Information Visualizations: Changing the Way We Look at Data


Isabel Meirelles gave a presentation at Sheridan College’s lecture hall about why we need information visualizations. She is an information designer, author and associate professor of graphic design at Northeastern University in Boston. Her presentation looked at information visualization from a research and historical perspective. She gave us an overview of how information visualization was used in earlier centuries by scribes, doctors and more to convey complex information in a simpler form. What I found most interesting was how web design and interaction design play a huge role in making information visualizations more compelling and easier to understand.



Isabel said that what gives her joy is finding new ways of representing information. (Photo by Juhye Lee).

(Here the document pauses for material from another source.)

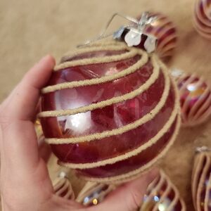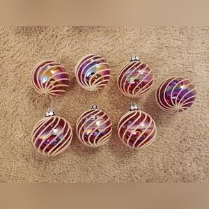 Carnival Art Blown Glass Christmas Ball Ornaments Red Swirl White Set Of 7 READ

Isabel covered five points about why we need information visualizations, but the one I found most interesting was that solving a problem requires finding the right representation. She showed us many examples of data represented in a variety of forms, some taking on unique shapes, while others looked downright artistic.


If you told me these four visualizations were modern art pieces, I would’ve believed you. They’re stunning to look at. But decoding the data might require a steep learning curve.  (Photo by Juhye Lee).

I was interested in the role web design and interaction play in enhancing information visualizations. I will focus on two of the most compelling examples that caught my eye because of their simplicity and effectiveness as information visualizations.


Isabel showed us screenshots of the wind map that displayed wind flowing over the U.S. But what made it come alive was when we saw it in action on a web browser. Seeing the wind in motion is not only beautiful, it displays the information instantaneously, with little to no learning curve.


Interactive visualizations allow us to answer more questions, and dig deeper into the data (you can zoom in or out of the wind map.) Pretty neat!


The Facebook map that visualized the social network’s friendships around the world was also compelling in its simplicity and execution. Using only colour and light, it captured its message instantaneously without the use of text (aside from its title).


The Facebook friendship map shows connections made in 2010. I wonder what it looks like in 2014. I’m guessing Canada would be more luminous since we do have the highest average internet usage rate than anywhere else in the world.

In this visualization, what is not shown is actually more interesting than what is shown. This could lead to more research about why certain countries are more connected on Facebook than others.


I found that most of the modern visualization examples that were shown required a steep learning curve in order for the audience to decode the data. While these types of visualizations might earn high esteem from other information designers and professors, the average person might not have enough time or patience to understand how to read the data. Isabel made a final critical point that visualizations are powerful, but they’re not the only answer to our problems. They have constraints and restrictions, and are subject to misinterpretation. There is no one right answer regarding how to display the data. But the fact that there are many ways to approach a question is why data visualization is an exciting new career of the future. With the explosion and abundance of digital data, employers are looking for talented individuals who can translate data into compact, visual and interactive forms. There is a wealth of opportunity for people who want to pursue information design as a career. The demand currently outpaces the supply of talent, and — according to an article by EMC — will continue to do so for the next five years.